On Thu, Apr 7, 2016 at 9:15 AM, Andres Freund <andres@anarazel.de> wrote: > It's not about "covering it up"; it's about actually being able to take > action based on benchmark results, and about practically being able to > run benchmarks. The argument above means essentially that we need to run > a significant number of pgbench runs for *anything*, because running > them 3-5 times before/after just isn't meaningful enough. > > It means that you can't separate between OS caused, and pgbench order > caused performance differences.

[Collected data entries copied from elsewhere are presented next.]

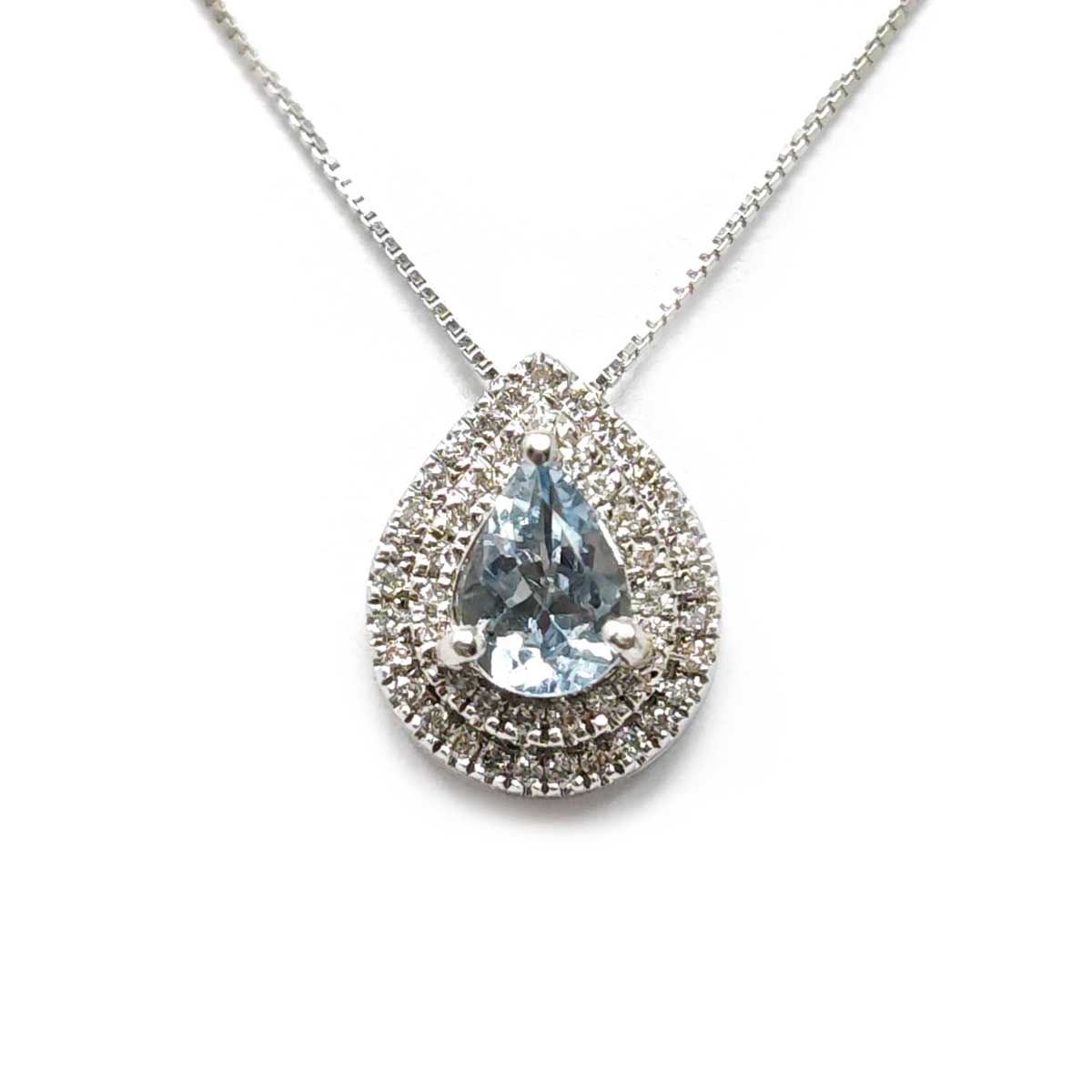 Pendente Goccia di Acquamarina CT 0.45 e Diamanti CT 0.18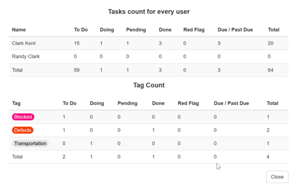- Tasks Tab: ‘Task counts for each user’ pop up now include a summary of how often each tag is used across all task groups and at the project level.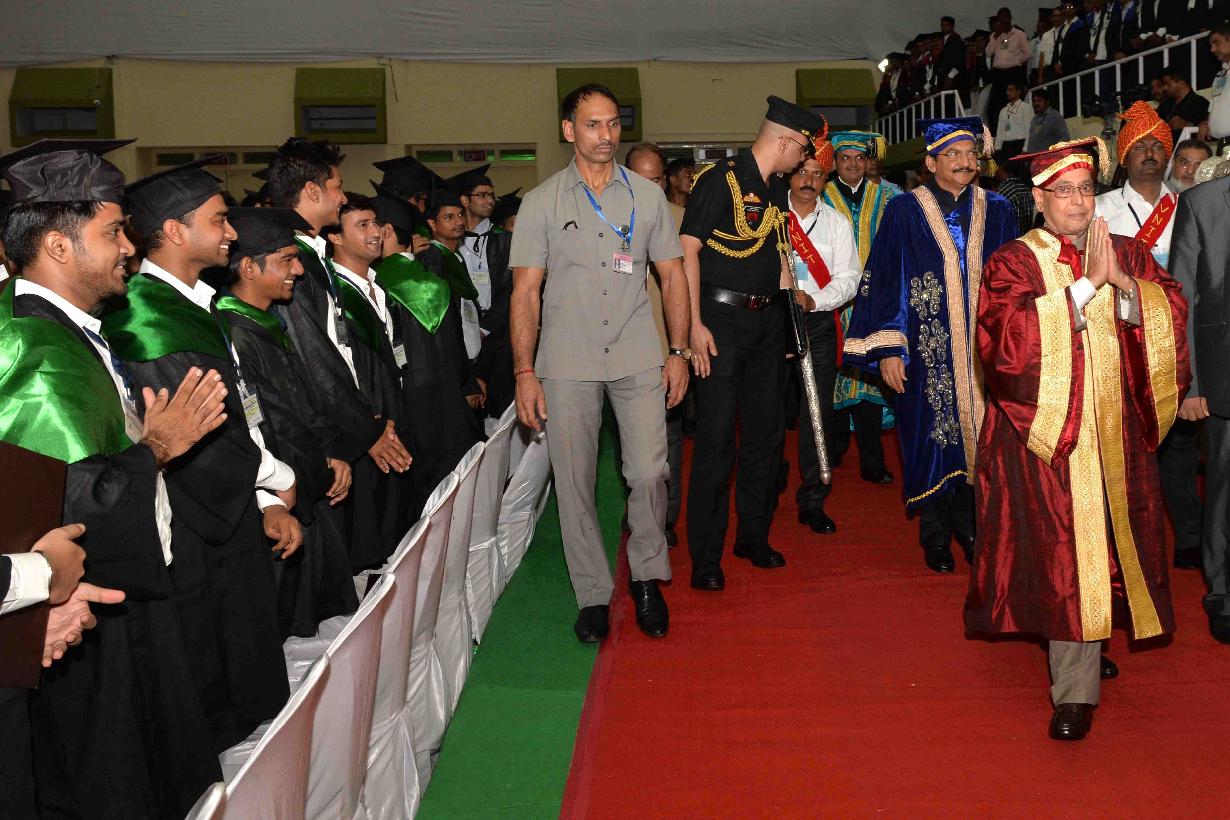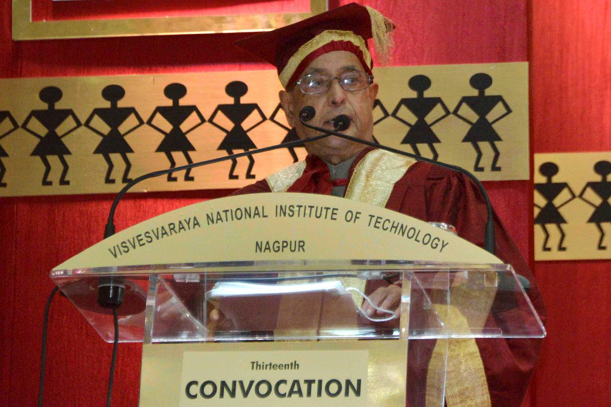 | Caption: | The President of India, Shri Pranab Mukherjee attending the 13th convocation of Visvesvaraya National Institute of Technology Nagpur, at Nagpur, in Maharashtra on September 15, 2015. The Governor of Maharashtra, Shri C. Vidyasagar Rao, the Union Minister for Road Transport & Highways and Shipping, Shri Nitin Gadkari and the Chief Minister of Maharashtra, Shri Devendra Fadnavis are also seen. |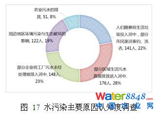 你認(rèn)為影響水污染最主要的原因中,22%的人選擇了人們隨意將生活垃圾投入河中,部分市民渠河垂釣、洗衣28%的受訪者認(rèn)為是部分區(qū)域生活污水直接排放進(jìn)入河中、23%的人認(rèn)為是部分企業(yè)將工廠污水未經(jīng)處理就排入河中、19%的人選擇周邊地區(qū)環(huán)境污染與生態(tài)破壞的影響,另有8%的人認(rèn)為是農(nóng)業(yè)污水的排放。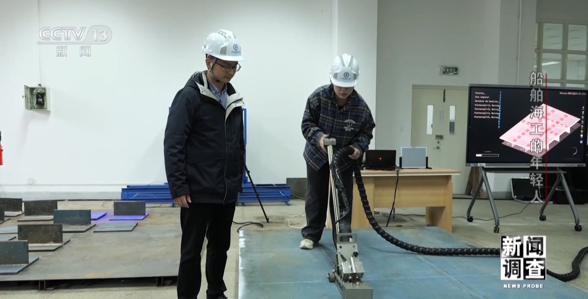 上海外高橋造船有限公司精度技術(shù)部副部長(zhǎng) 孫建志:我們做了大量的實(shí)驗(yàn),根據(jù)不同的變形用不同的辦法,看它的矯平的效果,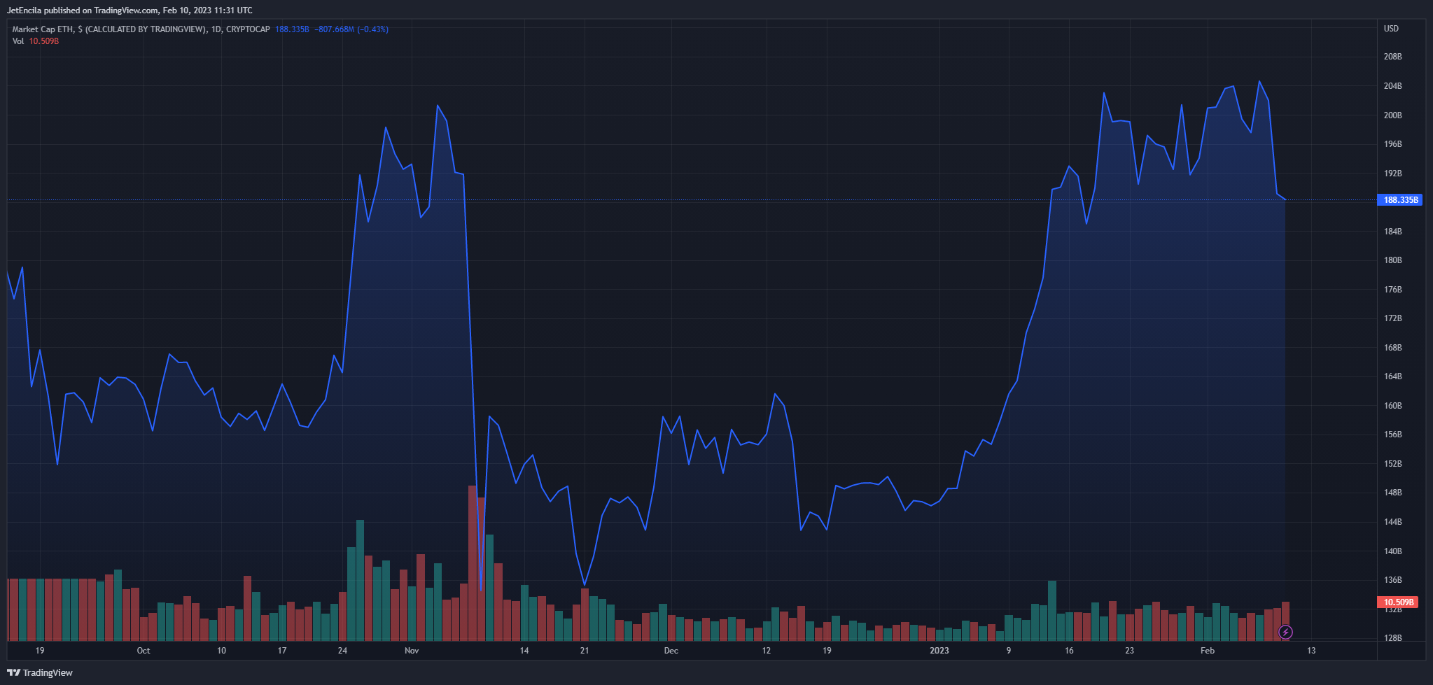 ETH total market cap at $188 billion on the daily chart | Chart: TradingView.com

I'm not objecting to adding an option for this; but I think Fabien is right that it shouldn't be the default. -- Robert Haas EnterpriseDB: http://www.enterprisedb.com The Enterprise PostgreSQL Company
Andres Freund <andres@anarazel.de> writes: > On 2016-04-07 12:25:58 +0200, Fabien COELHO wrote: >> So I have no mathematical doubt that changing the seed is the right default >> setting, thus I think that the current behavior is fine. However I'm okay if >> someone wants to control the randomness for some reason (maybe having "less >> sure" results, but quickly), so it could be allowed somehow. > There might be some statistics arguments, but I think they're pretty > ignoring reality. Sorry, but I think Fabien is right and you are wrong. There is no point in having randomness in there at all if the thing is constrained to generate the same "random" sequence every time. I don't object to having an option to force the initial seed, but it should not be the default, and it most certainly should not be the only behavior. regards, tom lane
On 2016-04-07 09:46:27 -0400, Tom Lane wrote: > Andres Freund <andres@anarazel.de> writes: > > On 2016-04-07 12:25:58 +0200, Fabien COELHO wrote: > >> So I have no mathematical doubt that changing the seed is the right default > >> setting, thus I think that the current behavior is fine. However I'm okay if > >> someone wants to control the randomness for some reason (maybe having "less > >> sure" results, but quickly), so it could be allowed somehow. > > > There might be some statistics arguments, but I think they're pretty > > ignoring reality. > > Sorry, but I think Fabien is right and you are wrong. Given that it's 3:1 so far, you might be right... > There is no point in having randomness in there at all if the thing is > constrained to generate the same "random" sequence every time. but that argument seems pretty absurd. It's obviously different to query for different rows over a run, rather than querying the same row again and again, in all backends. The reason we use randomness is to avoid easily discernible patterns in querying. Without randomness, how would you do that? Greetings, Andres Freund
>> It means that you can't separate between OS caused, and pgbench order >> caused performance differences. > > I'm not objecting to adding an option for this; but I think Fabien is > right that it shouldn't be the default. Yep. Andres, attached is a simple POC with an option & environment variable (whereas I should rather have looked at the current checkpointer/vacuum issue which I have reproduced:-(). While testing it I had a funny pattern, something like: pgbench --random-seed=123 -M prepared -T 3 -P 1 -S 1.0: 600 tps 2.0: 600 tps 3.0: 600 tps First rerun just after: pgbench --random-seed=123 -M prepared -T 3 -P 1 -S 1.0: 1800 tps 2.0: 600 tps 3.0: 600 tps The first rerun hits the same pages, so the first 1800 transactions are run in one second, and then it is new pages which are loaded so the performance goes down. Second rerun just after: pgbench --random-seed=123 -M prepared -T 3 -P 1 -S 1.0: 1800 tps 2.0: 1400 tps 3.0: 600 tps The second redun hits the same 3000 transactions than the previous one in about 1.7 seconds, then goes back to 600 tps for new pages... After more iterations the performance is 1800 tps during the 3 seconds. This clearly illustrates that it should be used with caution. -- Fabien.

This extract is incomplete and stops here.